A federal judge placed gray wolves in the lower 48 states back on the endangered species list in 2022, making hunting illegal and limiting farmers to nonlethal control methods, such as fencing in livestock or using guard dogs. The DNR has been working on an updated wolf management plan in case wolves are removed from the list and hunting resumes.
The new plan recommends a statewide population of about 1,000 animals but doesn’t set a hard limit on the population. Instead, the plan recommends allowing the population to grow or decline at certain numerical thresholds. DNR officials insist the plan creates flexibility in dealing with local packs, allowing for more hunting pressure in areas overpopulated with wolves.
The proposal has met with sharp criticism from farmers and hunters who want to see a specific statewide population goal.
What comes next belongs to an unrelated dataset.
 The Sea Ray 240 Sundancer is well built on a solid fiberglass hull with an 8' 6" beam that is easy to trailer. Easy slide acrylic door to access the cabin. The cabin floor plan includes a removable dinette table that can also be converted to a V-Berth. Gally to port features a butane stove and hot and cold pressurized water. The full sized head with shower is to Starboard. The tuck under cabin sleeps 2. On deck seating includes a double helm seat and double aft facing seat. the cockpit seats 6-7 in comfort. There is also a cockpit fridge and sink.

The Wisconsin Farm Bureau Federation, the largest farmers association in the state, has called for maintaining the 350-wolf cap and Republican lawmakers are advancing a bill that would force the DNR to insert a specific number in the plan.
Republicans who control the state Senate on Oct. 17 refused to confirm four members of the DNR board who said they supported the new management plan, removing them from the board. Democratic Gov. Tony Evers named four replacements the same day.
The board spent more than three-and-a-hours before the vote listening to public comments on the plan from both sides.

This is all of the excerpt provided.